Chloe Bracis is a postdoc in the TIMC/MAGe group at Université Grenoble Alpes. She works on modeling a diverse range of biological processes from infectious diseases to animal movement. In movement ecology her research has focused on how animals make decisions about where to move and then carry out these movements, including questions related to cognition, migration, and territoriality, using simulation models across a range of scales and contexts. She has also worked on movement path segmentation and analyzing a trajectory for recursion, or revisits to particular areas.

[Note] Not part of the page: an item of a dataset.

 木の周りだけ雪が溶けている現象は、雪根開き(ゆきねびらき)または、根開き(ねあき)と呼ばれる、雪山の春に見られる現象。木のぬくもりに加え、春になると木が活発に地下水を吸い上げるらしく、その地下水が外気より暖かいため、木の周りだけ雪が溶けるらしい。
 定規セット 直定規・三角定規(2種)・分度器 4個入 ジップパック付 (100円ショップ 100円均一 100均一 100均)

Kamran Safi is a group leader at the Max Planck Institute for Animal Behavior. His research interests lie in understanding the causes and consequences of biological patterns at various scales and from different perspectives, as well as movement ecology, macro-ecology and macro-evolution. In movement ecology. Kami is interested in relating individual animals to the environmental conditions they operate under to learn the causes and consequences of environmental fluctuation on animal movement across scales. Methodologically he combines and fuses data from the wild, using a wide range of sensors deployed on animals, with remote sensing and other sources of information at large spatial and temporal scales.
Inês Silva is a postdoctoral researcher in the Earth System Science group at the Center for Advanced Systems Understanding (CASUS), located in Görlitz,
Germany. She has a background spanning animal movement, road ecology and community ecology projects in Southeast Asia and South America. She is particularly interested in how animal movement is influenced by anthropogenic impacts, such as animal-road interactions and wildlife-vehicle collisions, study design and facilitating the uptake of new methods in movement ecology.

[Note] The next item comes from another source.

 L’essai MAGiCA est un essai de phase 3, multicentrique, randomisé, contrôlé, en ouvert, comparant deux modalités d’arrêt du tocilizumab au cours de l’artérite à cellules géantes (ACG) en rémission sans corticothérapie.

Christen Fleming develops statistical models and software for animal tracking data and is the lead developer of the continuous-time movement modeling (ctmm) R package. He is an Associate Research Scientist with the University of Maryland and a Research Associate with the Smithsonian Conservation Biology Institute. He obtained his doctorate in physics from the University of Maryland and his baccalaureate in physics, mathematics and statistics from the University of South Alabama.
Björn Reineking is a quantitative ecologist interested in how environmental conditions shape ecological communities and their dynamics. In movement ecology, he is working on methods such as step selection functions to infer habitat selection from movement tracks. Björn is a researcher at INRAE and based in Grenoble.